The vulnerability allows an attacker to inject arbitrary format specifiers into audit log messages processed by the CODESYS Control runtime system. By sending a carefully crafted log entry, an unauthenticated remote user can cause the audit logger to crash or consume excessive resources, resulting in a denial‑of‑service condition. This is a classic format string weakness, identified as CWE-134.

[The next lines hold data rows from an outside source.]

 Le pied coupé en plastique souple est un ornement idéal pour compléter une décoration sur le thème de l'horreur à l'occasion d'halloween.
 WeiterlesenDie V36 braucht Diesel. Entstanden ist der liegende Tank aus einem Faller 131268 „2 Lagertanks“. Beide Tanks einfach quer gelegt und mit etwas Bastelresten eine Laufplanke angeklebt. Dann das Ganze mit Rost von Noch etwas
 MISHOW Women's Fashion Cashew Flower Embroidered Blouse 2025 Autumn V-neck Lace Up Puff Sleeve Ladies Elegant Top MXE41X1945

The affected software is the CODESYS Control runtime platform, including CODESYS Control RTE (SL), CODESYS Control RTE (for Beckhoff CX) SL, CODESYS Control Win (SL), CODESYS Control for BeagleBone SL, CODESYS Control for IOT2000 SL, CODESYS Control for Linux ARM SL, CODESYS Control for Linux SL, CODESYS Control for PFC100 SL, CODESYS Control for PFC200 SL, CODESYS Control for PLCnext SL, CODESYS Control for Raspberry Pi SL, CODESYS Control for WAGO Touch Panels 600 SL, CODESYS Control for emPC‑A/iMX6 SL, CODESYS Runtime Toolkit, and CODESYS Virtual Control SL. No specific version information was supplied, so all releases of these products are potentially impacted.

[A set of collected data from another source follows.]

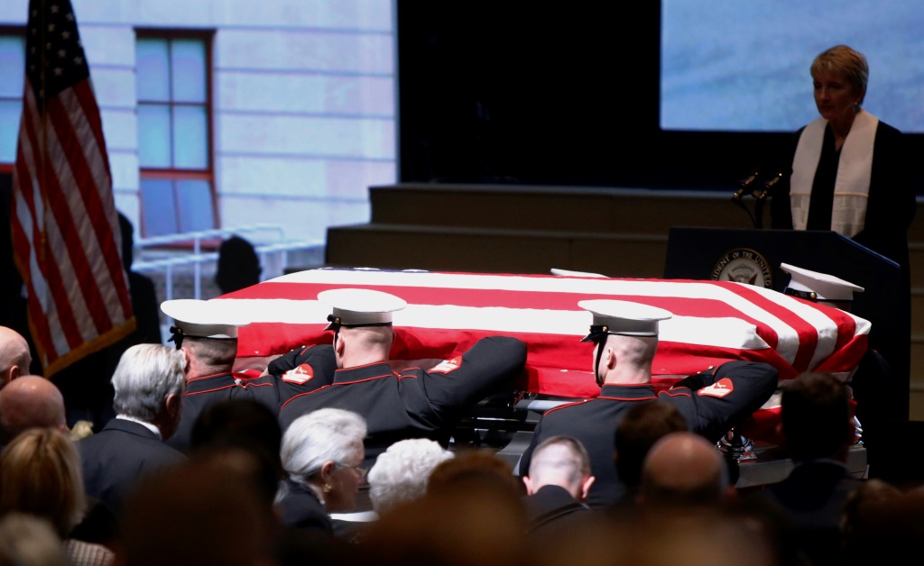 Le cercueil de celui qui avait été le premier Américain à tourner en orbite autour de la Terre, en 1962, était exposé au pied de la scène, recouvert du drapeau américain.
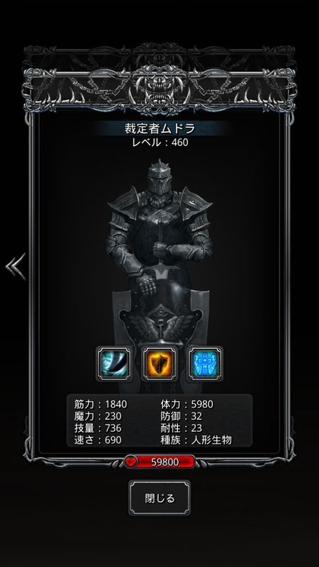 裁判所の紋章1個消費(鉄30000、ミスリル20000、強者の血4)
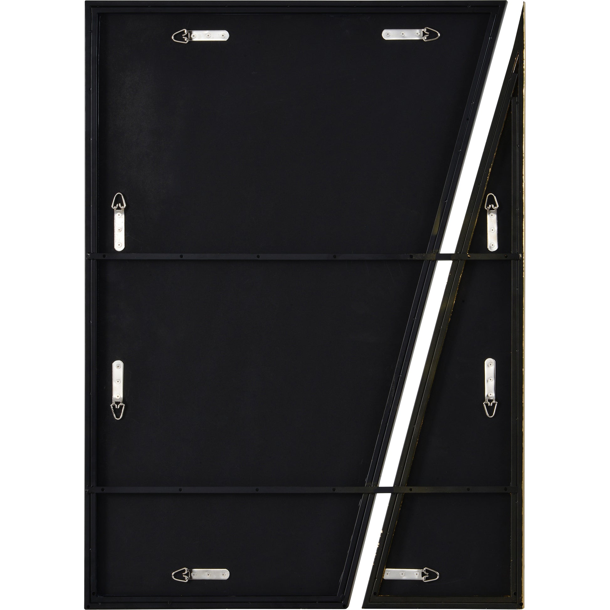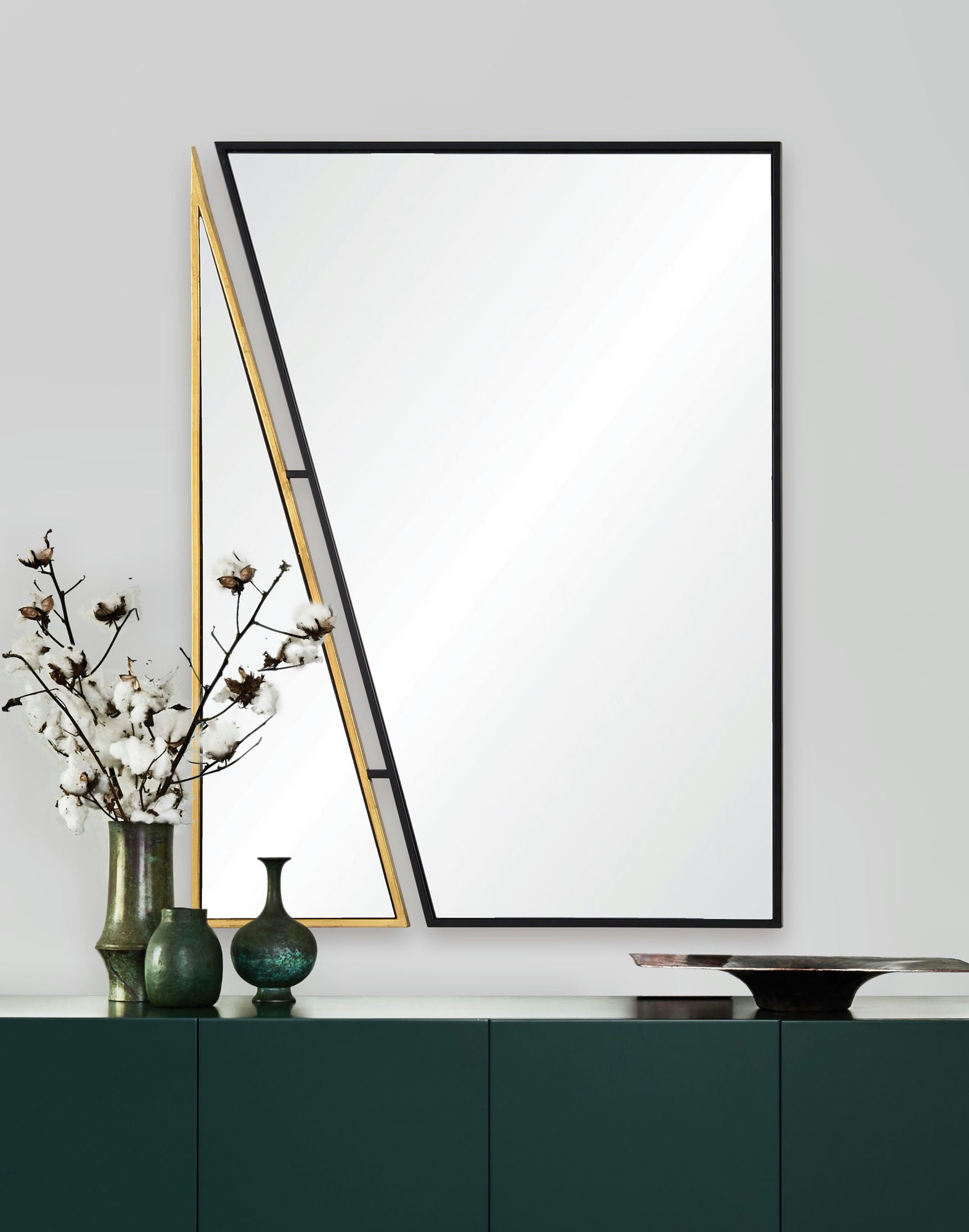 Artistic design at its finest. This geometrically designed mirror shines with a minimalist palette and cutting-edge design. Black powdered metal and gold leaf finished wood take shape within the angular structure, appearing at once bold and simplistic. Hang within an industrial style home to allow the distinct lines to make a powerful statement.
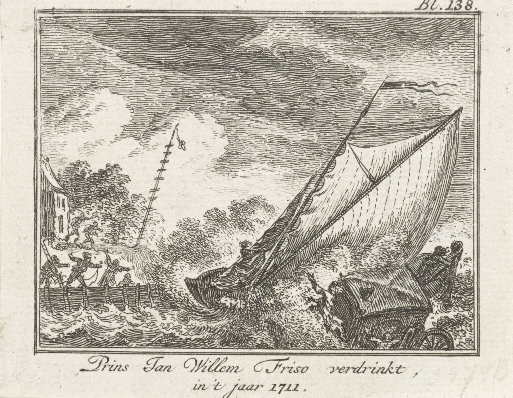 De koets fan’e prins waard op in platte skûte riden en by de oertocht bleaunen de prins en syn keamerhear Onno Boldewijn dy Tour yn’e koets sitten, it wie begûn te reinen en sa sieten se droech. De oaren fan it selskip bleaune gewoan bûten de koets stean of sitten, dat wie mar krekt wa’t in plakje fine koe. De platte skûte stiek oer nei de oare kant, se moasten nei Strijensas op’e Hollânske kust, mar flak foar dy kust krige de wyn fet op it seil, de skûte gong skean en ferfolgens rekken koets en ynsittenden yn it wetter. Sa as gewoan wie yn dy tiid koene de minsken net swemme, de prins hie ek nochris in boarstkuras oan en ja, hy en syn keamerhear ferdronken beide. In wike nei it drama waard it lyk fan’e prins fûn, flakby Strijensas, driuwkeljend yn’e reiden, sa’t der skreaun waard. Syn frou wie in pear moanne swier en as sy gjin soan krigen hie, hiene wy no Willem-Alexander net hân.

The CVSS score of 7.5 indicates moderate‑to‑high severity. Although the EPSS score is not available, the lack of inclusion in the CISA KEV catalog suggests no known active exploitation, but the remote nature of the attack and the ease of triggering a crash mean that the risk remains significant. An attacker can exploit this vulnerability from any networked device that can reach the audit logger interface, without requiring authentication or privileges.